She starts like most of them do, a Titan excavator rig modestly sized for their line: maybe a house or thereabouts, a big house. (Doesn’t matter why she signed up - perhaps a breadwinner, a lone mother or eldest sister, a daughter of aging parents nobody else will take; doesn’t matter what site they sent her to, Earth or Enceladus or Venus or Europa. She’s there, and she lets them strap her in and adapt her for the piloting interface and pump her full of protein ooze and electrolytes and hyperstimulant cocktails as obediently as the next laborer.)
Upgrades come, from big house to bigger, with shovels like hillsides and treads like highways. Still she remains in the cockpit, out only for one day every six months to say hello to her burgeoning family, who have moved nearby to make it easy on her, to meet the baby nephews and nieces whose names she doesn’t yet know.

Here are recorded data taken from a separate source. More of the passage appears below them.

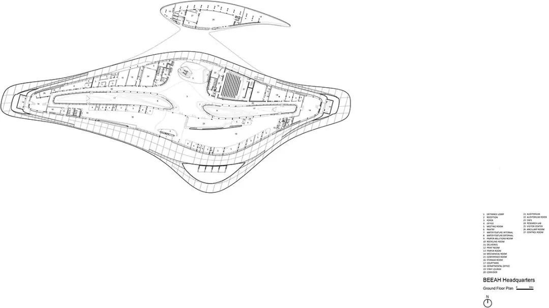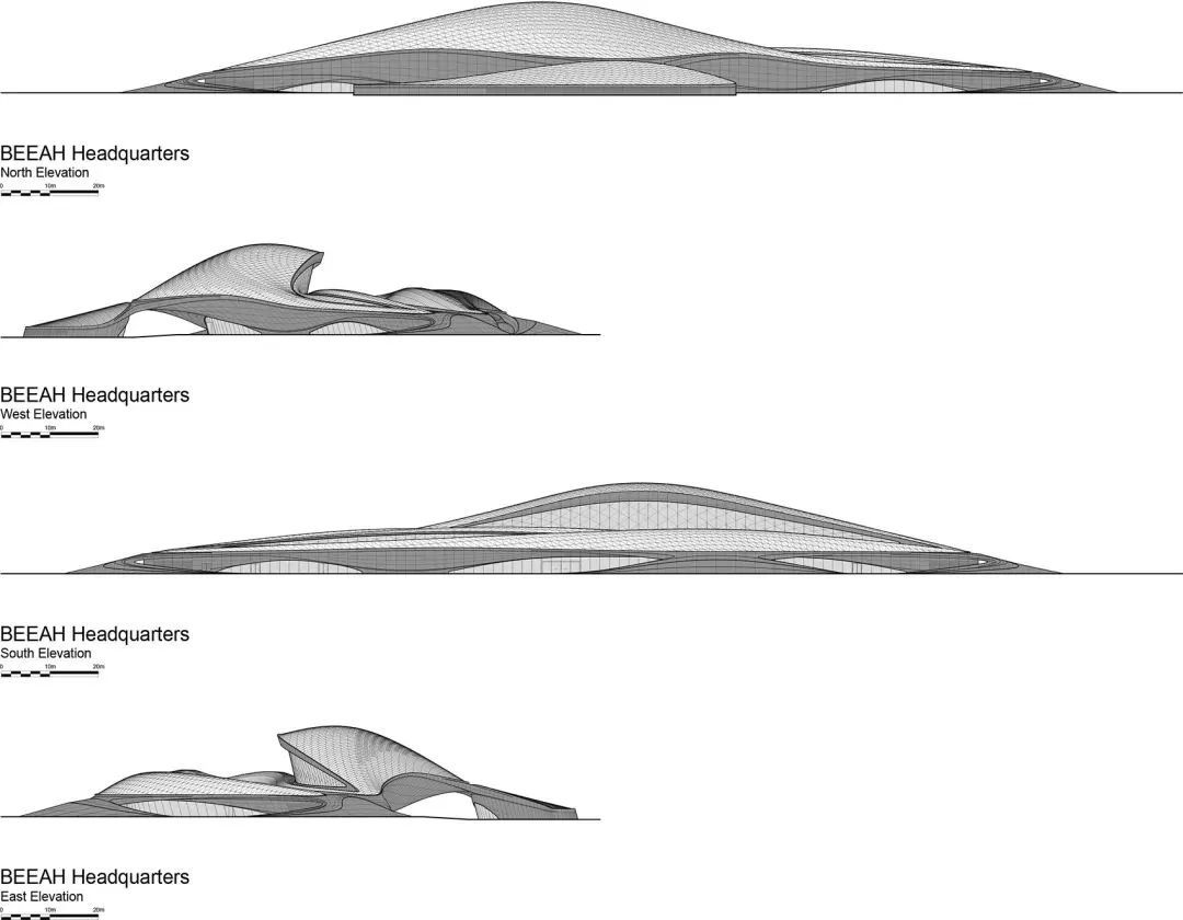 扎哈·哈迪德 的设计将 BEEAH 所推崇的可持续发展原则和创新解决方案融合在一起——创造出一组相互连接的“沙丘”。它们的方向和形状可以适应当地的气候条件,造型语言模仿当地沙漠中的凹形沙丘(由沙漠盛行季风形成),使建筑融入沙漠环境。
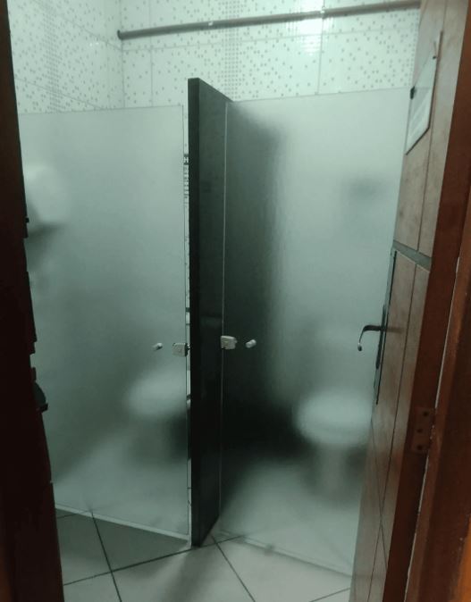 Студенты нашего курса жаловались на недостаточную конфиденциальность в уборной. Тогда, чтобы решить эту проблему, нам установили стеклянные двери
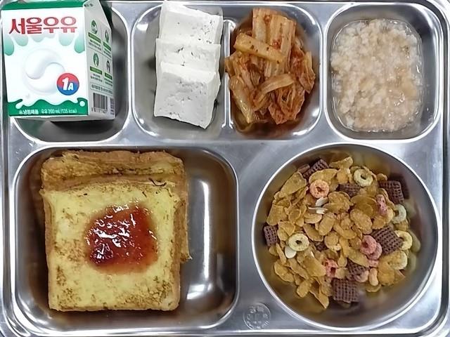 조식: 프렌치토스트, 두부/볶음김치, 숭늉, 시리얼+우유
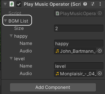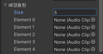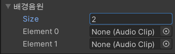 배경음원이라는 배열은 인스펙터 창에 아래와 같이 보여질 겁니다.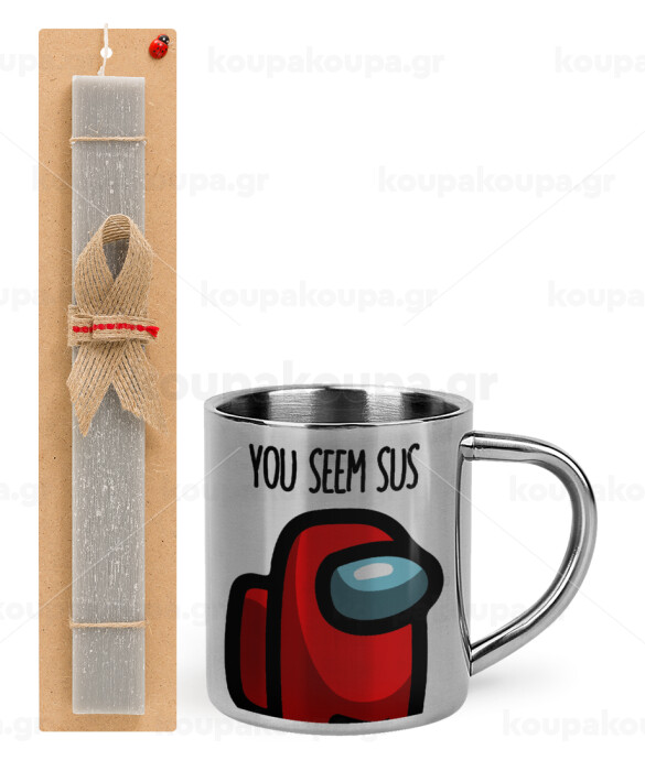 Among US, you seem sus, Πασχαλινή Λαμπάδα με μεταλλική κούπα θερμό (300ml) & κερί αρωματικό πλακέ (30cm) (ΓΚΡΙ)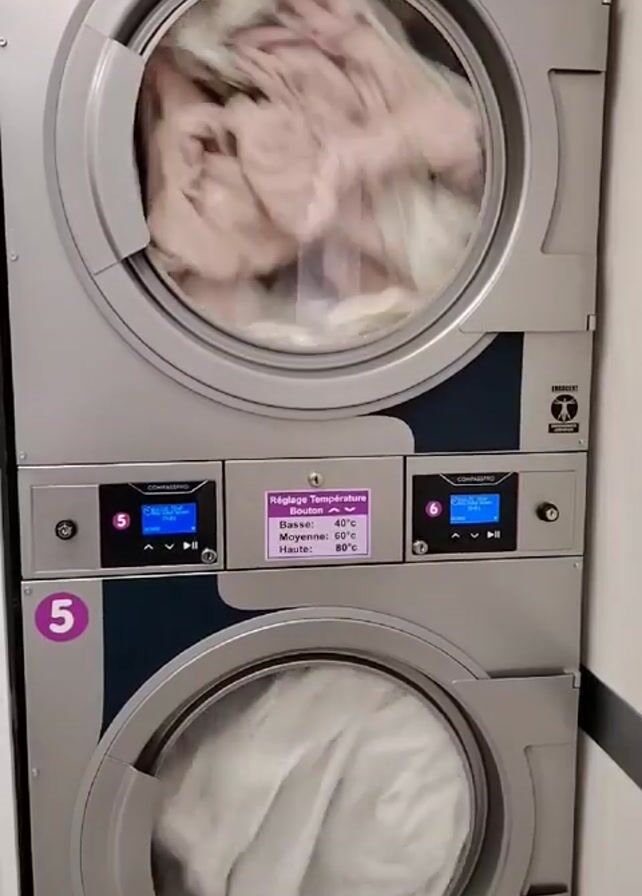 stack of two commercial-grade dryers in a laundromat setting. The top dryer contains a load of light-colored clothing that is tumbling inside the drum. The bottom dryer also has a load of light-colored clothes. Between the two dryers is a control panel that displays the temperature settings in French: Basse (low) at 40 degrees Celsius, Moyenne (medium) at 60 degrees Celsius, and Haute (high) at 80 degrees Celsius. The dryer on the left is marked with the number 5. The environment appears to be a clean, well-lit commercial space.

War comes. The facility hunkers down. It just makes sense to retrofit their biggest digger with shields, to expand her arsenal a little more, give her a better engine, pour all their leftover resources into making her a great guardian, and she rises to the occasion, shielding them from orbital rays, absorbing the energy and taking the pain of it up into her own engines. When the corporate rats who own the site finally turn tail and run the workers and their families band together and do the needful repairs themselves. Her nieces and nephews grow up learning engineering by the light of oil lamps from stolen Old Era textbooks and jailbroken datapads. She hardly ever now glimpses their faces with her own two eyes from within her steel shell but it is a worthy sacrifice to her, to them, for both parties know she is still there, still with them, embracing them in a great steel hug and watching through a thousand glass-lensed eyes.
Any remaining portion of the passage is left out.